Laurence was dubious, but the sailors listening in to the translation with much interest found much to approve in this speech: both the feast, and the promised good luck, which appealed to their superstitious habit of thought. Although the mention of spirits was cause for a great deal of serious belowdecks debate, being a little too close to ghosts for comfort, in the end it was generally agreed that as ancestor spirits, these would have to be benevolently inclined towards the descendants being carried by the ship, and therefore not to be feared.

"They have asked me for a cow and four sheep, and all eight of the remaining chickens, also; we will have to put in at St. Helena after all. We will make the turn westward tomorrow; at least it will be easier sailing than all this beating into the trades we have been doing," Riley said, watching dubiously a few days later: several of the Chinese servants were busy fishing for sharks. "I only hope the liquor is not too strong. I must give it to the hands in addition to their grog ration, not in its place, or it would be no celebration at all."
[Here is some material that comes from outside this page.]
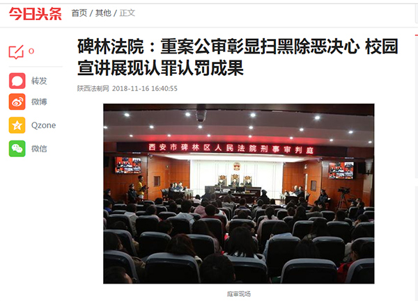 此次活动,是碑林法院通过对重大刑事案件公开审理,重拳出击、严惩罪犯,积极宣传扫黑除恶专项斗争的重大意义,彰显人民法院开展扫黑除恶专项斗争的坚定决心,同时呼吁并引导全社会积极投入到平安建设中来,共同营造平安建设人人参与的良好氛围。这次庭审也是碑林法院自新修订的刑事诉讼法颁布实施以来所进行的首次刑事案件公开开庭活动,碑林法院在此次庭审过程中,向广大师生们生动的展示了认罪认罚从宽制度在适用普通程序审理的刑事案件中促进被告人认罪悔罪、鼓励退赔退赃、弥合因犯罪所造成的社会创伤等方面所起的重要作用。

"I am sorry to give you any cause for alarm, but Liu Bao alone can drink two of me under the table; I have seen him put away three bottles of wine in a sitting," Laurence said ruefully, speaking from much painful experience: the envoy had dined with him convivially several more times since Christmas, and if he were suffering any lingering ill-effects whatsoever from the sea-sickness, it could not be told from his appetite. "For that matter, though Sun Kai does not drink a great deal, brandy and wine are all the same to him, as far as I can tell."
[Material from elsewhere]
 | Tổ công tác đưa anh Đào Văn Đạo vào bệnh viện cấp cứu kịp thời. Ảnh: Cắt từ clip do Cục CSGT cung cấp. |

"Oh, to the devil with them," Riley said, sighing. "Well, perhaps a few dozen able seamen will get themselves into enough trouble that I can take away their grog for the night. What do you suppose they are going to do with those sharks? They have thrown back two porpoises already, and those are much better eating."
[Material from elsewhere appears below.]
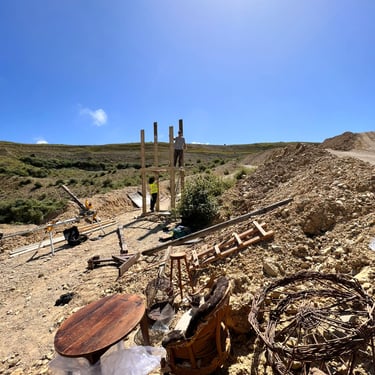 Situé dans une carrière en activité dans le sud-ouest de l'Angleterre. L'idée était de construire un avant-poste désertique inspiré de Mad Max pour accueillir notre héros, le vagabond.

Laurence was ill-prepared to venture upon a guess, but he did not have to: at that moment the lookout called, "Wing three points off the larboard bow," and they hurried at once to the side, to pull out their telescopes and peer into the sky, while sailors stampeded to their posts in case it should be an attack.

Temeraire had lifted his head from his nap at the noise. "Laurence, it is Volly," he called down from the dragondeck. "He has seen us, he is coming this way." Following this announcement, he roared out a greeting that made nearly every man jump and rattled the masts; several of the sailors looked darkly towards him, though none ventured a complaint.

Temeraire shifted himself about to make room, and some fifteen minutes later the little Greyling courier dropped down onto the deck, furling his broad grey-and-white-streaked wings. "Temrer!" he said, and butted Temeraire happily with his head. "Cow?"

"No, Volly, but we can fetch you a sheep," Temeraire said indulgently. "Has he been hurt?" he asked James; the little dragon sounded queerly nasal.

Volly's captain, Langford James, slid down. "Hello, Laurence, there you are. We have been looking for you up and down the coast," he said, reaching out to take Laurence's hand. "No need to fret, Temeraire; he has only caught this blasted cold going about Dover. Half the dragons are moaning and sniffling about: they are the greatest children imaginable. But he will be right as rain in a week or two."

More rather than less alarmed by these reassurances, Temeraire edged a little distance away from Volly; he did not look particularly eager to experience his first illness. Laurence nodded; the letter he had had from Jane Roland had mentioned the sickness in passing. "I hope you have not strained him on our account, coming so far. Shall I send for my surgeon?" he offered.

"No, thank you; he has been doctored enough. It'll be another week before he forgets the medicine he swallowed and forgives me for slipping it into his dinner," James said, waving away the request. "Any road, we have not come so very far; we have been down here flying the southern route the last two weeks, and it is a damned sight warmer here than in jolly old England, you know. Volly's hardly shy about letting me know if he don't care to fly, either, so as long as he doesn't speak up, I'll keep him in the air." He petted the little dragon, who bumped his nose against James's hand, and then lowered his head directly to sleep.

"What news is there?" Laurence asked, shuffling through the post that James had handed over: his responsibility rather than Riley's, as it had been brought by dragon-courier. "Has there been any change on the Continent? We heard news of Austerlitz at Cape Coast. Are we recalled? Ferris, see these to Lord Purbeck, and the rest among our crew," he added, handing the other letters off: for himself he had a dispatch, and a couple of letters, though he politely tucked them into his jacket rather than looking at them at once.

"No to both, more's the pity, but at least we can make the trip a little easier for you; we have taken the Dutch colony at Capetown," James said. "Seized it last month, so you can break your journey there."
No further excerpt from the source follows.